Whatever their reasons, they stayed away. Radnal tossed and turned on his sleepsack. He thought about going out to chat with the fellow on watch, but decided not to: Peggol vez Menk would suspect he was up to something nefarious if he tried. That annoyed him all over again, and drove sleep further away than ever. So did the Martoisi’s furious row over how one of them — Eltsac said Nocso, Nocso said Eltsac — had managed to lose their only currycomb.

The tour guide eventually dozed off, for he woke with a start when the men in the common room turned up the lights just before sunrise. For a heartbeat or two, he wondered why they were there. Then he remembered.

Yawning, he grabbed his cap, tied the belt on his robe, and headed out of the cubicle. Zosel vez Glesir and a couple of tourists were already in the common room, talking with the militiamen and the Eyes and Ears. Conversation flagged when Lofosa emerged from her sleeping cubicle without dressing first.

“A tough job, this tour guide business must be,” Peggol vez Menk said, sounding like everyone else who thought a guide did nothing but roll on the sleepsack with his tourists.

Radnal grunted. This tour, he hadn’t done much with Lofosa or Evillia but roll on the sleepsack. It’s not usually like that, he wanted to say. He didn’t think Peggol would believe him, so he kept his mouth shut. If an Eye and Ear didn’t believe something, he’d start digging. If he started to dig, he’d keep digging till he found what he was looking for, regardless of whether it was really there.

The tour guide and Zosel dug out breakfast packs. By the time they came back, everyone was up, and Evillia had succeeded in distracting some of the males from Lofosa. “Here you are, freelady,” Radnal said to Toglo zev Pamdal when he got to her.

No one paid her any particular attention; she was just a Tarteshan woman in a concealing Tarteshan robe, not a foreign doxy wearing nothing much. Radnal wondered if that irked her.
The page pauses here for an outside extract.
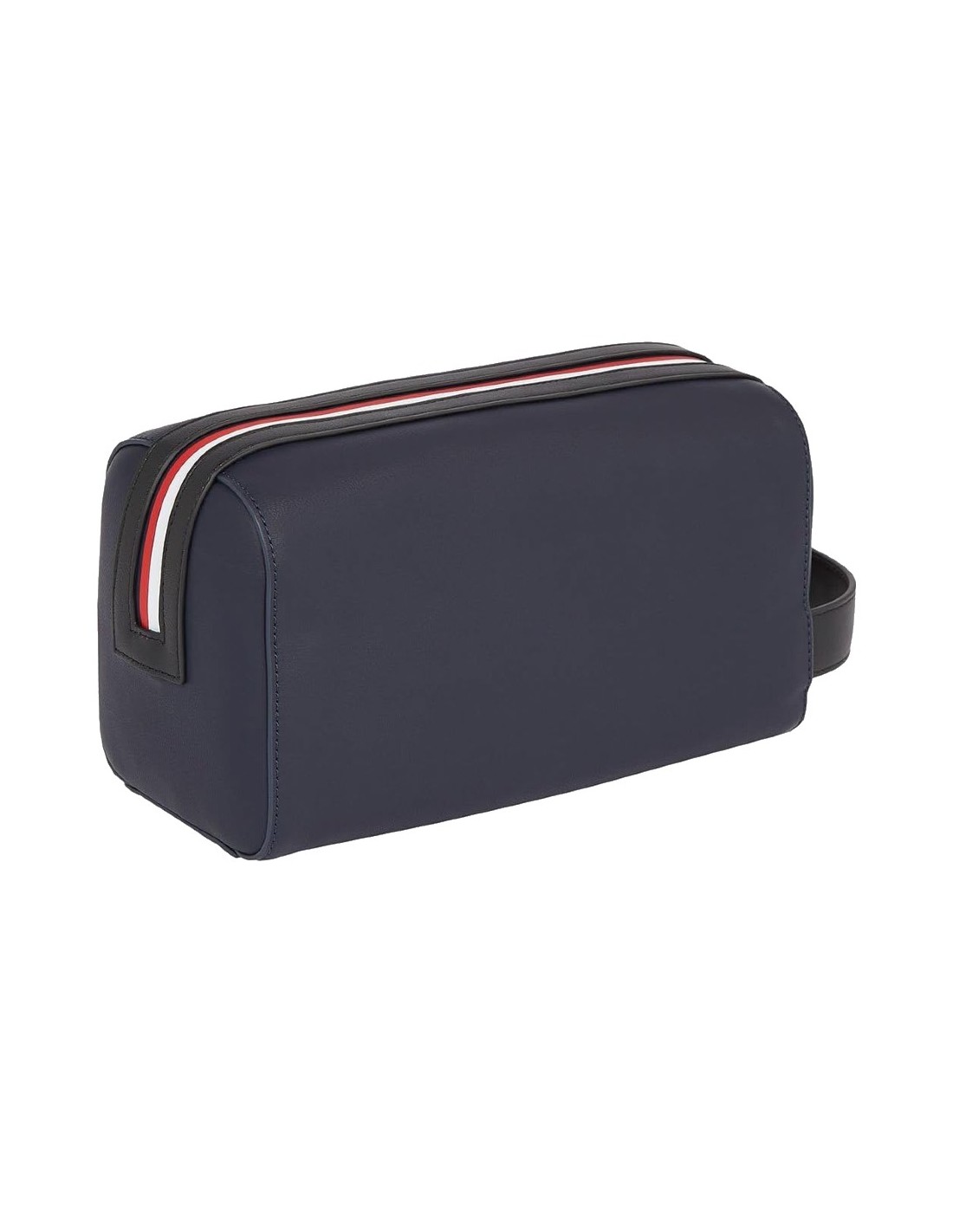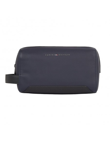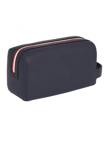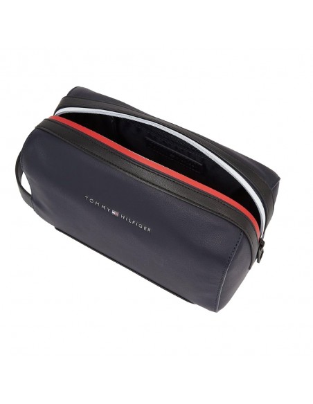 O necessaire Tommy Hilfiger TH Essential Corp é confeccionado em poliuretano da cor azul marinho e apresenta as cores distintivas da marca.

Women, in his experience, did not like being ignored.

If she was irked, she didn’t show it. “I trust you slept well, freeman vez Krobir?” she said. She did not even glance toward Evillia and Lofosa. If she meant anything more by her greeting than its words, she also gave no sign of that — which suited Radnal perfectly.

“Yes. I trust you did likewise,” he answered.

“Well enough,” she said, “though not as well as I did before the Morgaffo was killed. A pity he’ll not be able to make his sketches — he had talent. May his Goddess grant him wind and land and water in the world to come: that’s what the islanders pray for, not so?”

“I believe so, yes,” Radnal said, though he knew little of Morgaffo religious forms.

“I’m glad you’ve arranged for the tour to continue despite the misfortune that befell him, Radnal vez,” she said.

“It can do him no harm, and the Bottomlands are fascinating.”

“So they are, fr-” Radnal began. Then he stopped, stared, and blinked. Toglo hadn’t used formal address, but the middle grade of Tarteshan politesse, which implied she felt she knew him somewhat and didn’t disapprove of him. Considering what she’d witnessed at the first night’s campsite, that was a minor miracle. He grinned and took a like privilege: “So do I, Toglo zev.”

About a tenth of a daytenth later, as he and Fer carried empty ration packs to the disposal bin, the other Trench Park staffer elbowed him in the ribs and said, “You have all the women after you, eh, Radnal vez?”

Radnal elbowed back, harder. “Go jump in the Bitter Lake, Fer vez. This group’s nothing but trouble. Besides, Nocso zev Martois thinks I’m part of the furniture.”